Посланник и стоящие рядом с ним офицеры были в растерянности. Некоторые из них предлагали строить что-то вроде деревянной башни, на вершине которой можно было бы установить стрелков, которые бы и достали бы затаившегося смутьяна. Другие предлагали принести лестницы. Высказывалось мнение, что можно обрушить колонну.
Чтобы лучше разобраться подошли к массивной и высокой колонне. Стало ясно, что для её обрушения или создания башни понадобиться много времени, а лестницы и вовсе не дотянуться до вершины.
— А если обложить вязанками хвороста и поджечь? — скромно предложил какой-то совсем молодой центурион.
— Придётся притащить очень много хвороста — заметил наместник, грустно думая, что когда-то это величайший образец мастерства городских камнерезов — высокая, стройная, без единого изъяна мраморная колона, вырубленная из единого монолита, почернеет от пламени, или даже треснет и рухнет.
Мразогорий, свесив за край капители свою жирную харю, внимательно слушал это совещание, как-то печально не то, вздыхая, не что-то протяжно стеная, а может, и, бормоча что-то нечленораздельное. Когда же совет склонился к варианту развести огонь, он завыл протяжно и громко:
— Проклина-а-а-аю дети сатаны! А-а-а-а-а-а-а….Не надо-о-о-о-о!
После чего забился в рыданиях, отчаянно плюясь в низ, стараясь попасть в кого-нибудь из офицеров.
На площади закипела работа. Многочисленные повозки привозили хворост, который, вмести с оставшимся от несчастных тряпками и мусором, сваливали у подножия колонны, и увозили труппы.
Когда всех мертвецов вывезли, пришёл черёд Мразогория. Сухой хворост вспыхнул как порох. Скоро языки пламени зализали колонну, иногда, казалось, поднимаясь даже выше её. Жар был такой, что, стоящие на капители колоннады наместник и другие офицеры отступили на пару десятков шагов. Было видно, как бешено, скачет в клубах дыма и стремительных потоках, обнимающих его, искр распухший урод, так громко визжащий, что порой его безнадёжный вопль, заглушал рёв пламени.
— Ну, вот и всё — опустошённо заметил наместник, направляясь в резиденцию.
Принимая баню, он всё вспоминал и вспоминал, как несчастные без сопротивления, безумно улыбаясь, или даже смеясь и поя, принимали смерть. Он участвовал в молодости в походах, но никогда и нигде, даже в самых диких и варварских краях ему не встречалось такое отношение к жизни и смерти.

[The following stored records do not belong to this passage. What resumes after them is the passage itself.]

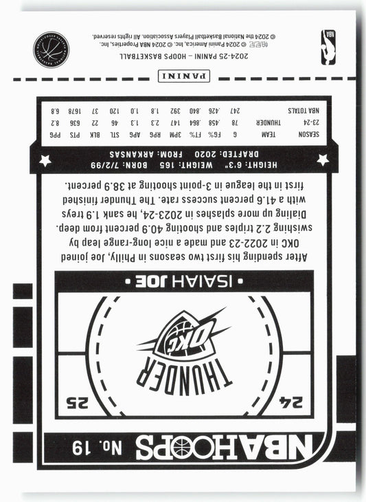 This is a nice example of a 2024-25 Hoops #19 Isaiah Joe Other important information about this card:In 2024 Isaiah Joe played for the Oklahoma City Thunder.Please check out our...
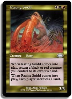 When Razing Snidd comes into play return a black or red creature you control to its owner's hand. When Razing Snidd comes into play each player sacrifices a land.
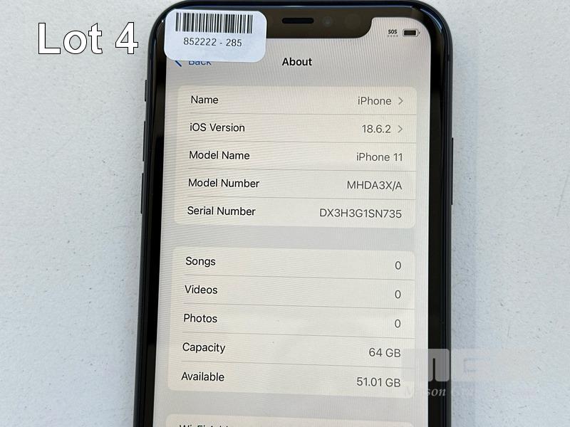 APPLE iPHONE 11, 64GB, MODEL MHDA3X/A, A2221, BLACK, BATTERY HEALTH 100% (NO CABLE, NO CHARGER) (NOTE: MINOR SCRATCHES ON SCREEN) S/N:DX3H3G1SN735
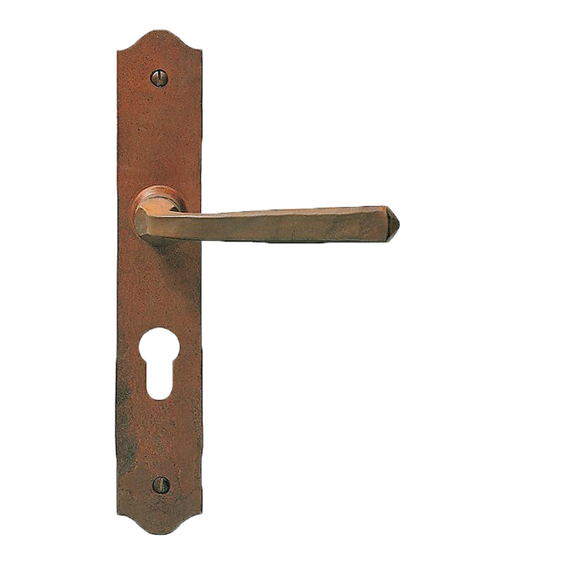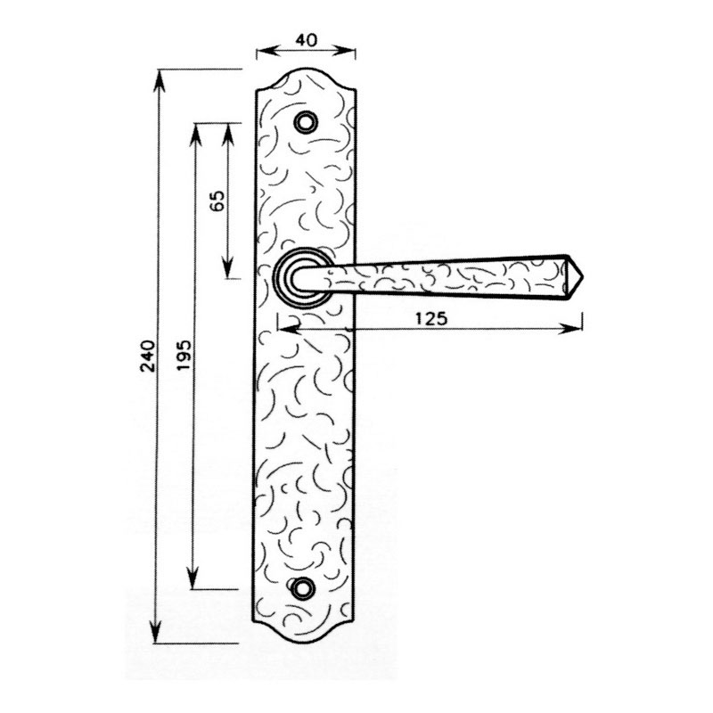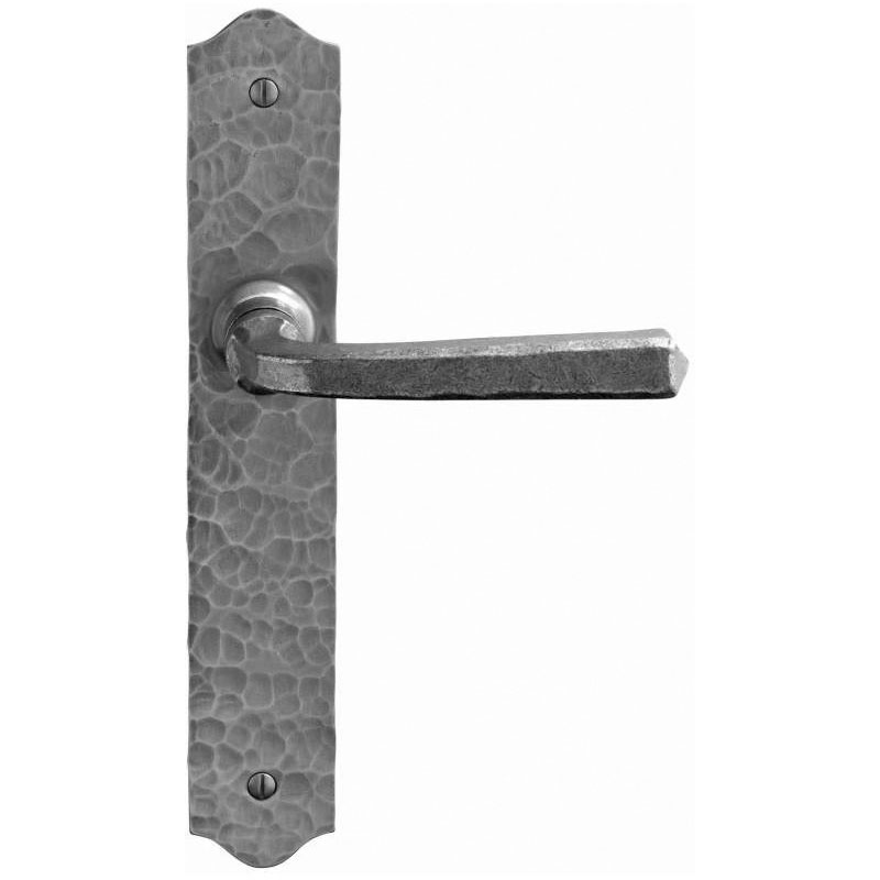 Double béquille sur plaques martelées 240 x 40 mm.Livré avec carré de 7mm et vis relieur.Pour porte épaisseur 38 à 48 mm.Résistance à la corrosion : grade 3 - utilisation possible en extérieur avec pluie ou rosée occasionnelle ou fréquente (essai 96h).
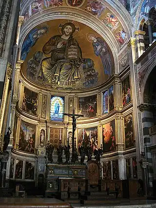 - O grande mosaico no interior da cúpula da abside, figurando o Cristo Pantocrator entre a Virgem e São João Evangelista, cujo rosto foi elaborado por Cimabue;
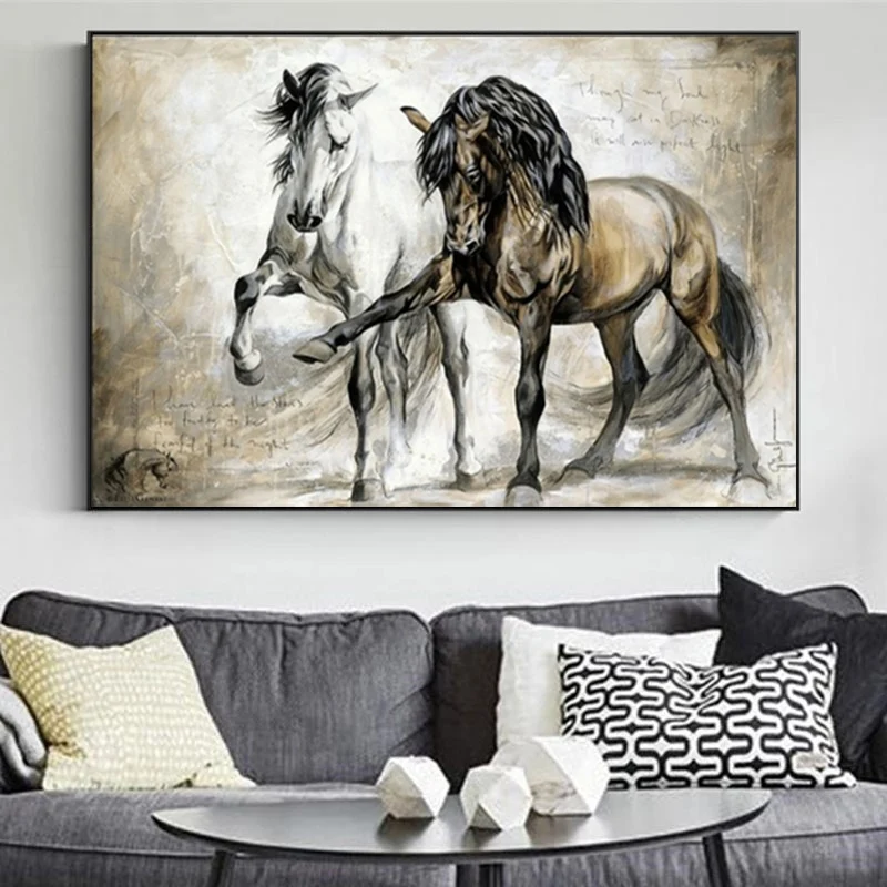 Абстрактная винтажная картина маслом с изображением двух лошадей, настенный художественный плакат и принт, картины с животными для гостиной, домашний декор
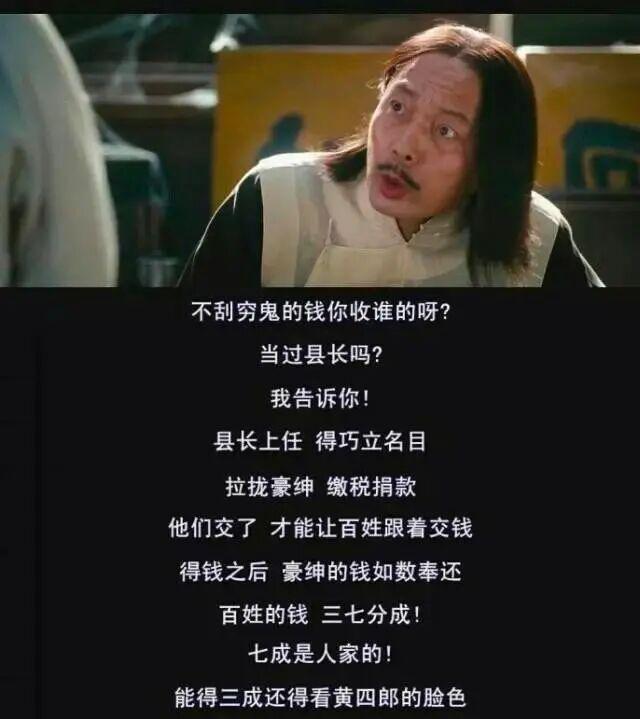 “县长上任,得巧立方法,拉拢豪绅,缴税捐钱。他们交了,能力让庶民随着交钱。得钱之后,豪绅的钱如数奉还,庶民的钱三七分红。”

Бывало, когда вражеские воины демонстрировали гордое презрение к смерти, но тут было, похоже, призрение к жизни и принятие смерти не как неизбежность, а как, как… он никак не мог подобрать слово… как избавление — вдруг осенило его.
— Как же можно так относиться к высшему дару Богов — к жизни? — недоумевал он, не находя себе покоя. — Неужели их существование настолько ужасно? Разве смерть не хуже, не безнадёжней любой, пусть самой ничтожной судьбы?
Его знобило. Ужасные образы безжалостной расправы не давали ему покоя. Никакое объяснение целесообразности и общественного долга не могли его удовлетворить и оправдать недавно произошедшее. Он боролся с болезнью, да. Но разве он победил болезнь? А что если всё это продолжиться? А если завтра появятся новые заболевшие? А что если болезнь свила своё гнездо в нём самом?
Наместник вдруг резко вскочил с мраморной банной скамьи, испугав массирующую его служанку. Его вдруг пронзило, он осознал себя виновным в том, что эти несчастные отвергли жизнь. Виновным не только себя, но и весь существующий порядок вещей, более того даже сам закон, до этого почитаемый им за достойный поклонения идеал. Что же это за порядок, если он выталкивает больных и калек прочь из мира во тьму погребальных катакомб?
Как же после этого могут любить жизнь эти несчастные? Какая у них жизнь? Неудивительно, что там развилось это дикое и уродливое суеверие, суть которого — ненависть к миру и жизни.
— Но что же делать? Истребить их всех? Но истребит ли это болезнь? Терпеть их рядом с собой? Но как можно впустить в свою жизнь болезнь и уродство? Что же будет с ним, с его миром, народом, если рядом будут эти? Ведь это значит — заболеть самому, жить, смирившись с болезнью. А если нет, то что, придётся их непрерывно истреблять и истреблять? — он не находил ответа и жутко мучился, сгорая от резко поднявшегося в нём жара, то ли от того что не мог решить что делать, а может и того, что болезнь уже сила в нём своё гнездо.
Шатаясь, ещё недавно надменный и непобедимый гордый римлянин, направился к выходу, даже не заметив как на мраморном полу сиротливо остались лежать, случайно задетые и сброшенные им со столика, растрёпанные драгоценнейшие свитки откровений Гермеса Трисмегиста, недавно столь ценимые им. Перед тем как покинуть свою резиденцию, он вышел на балкон, и тяжело опёршись на перила, в безнадёжной тоске смотрел на догорающую вдали линию заката, словно пытался предугадать — что ждёт его там, куда ему суждено, как он понял, совсем скоро уйти навсегда.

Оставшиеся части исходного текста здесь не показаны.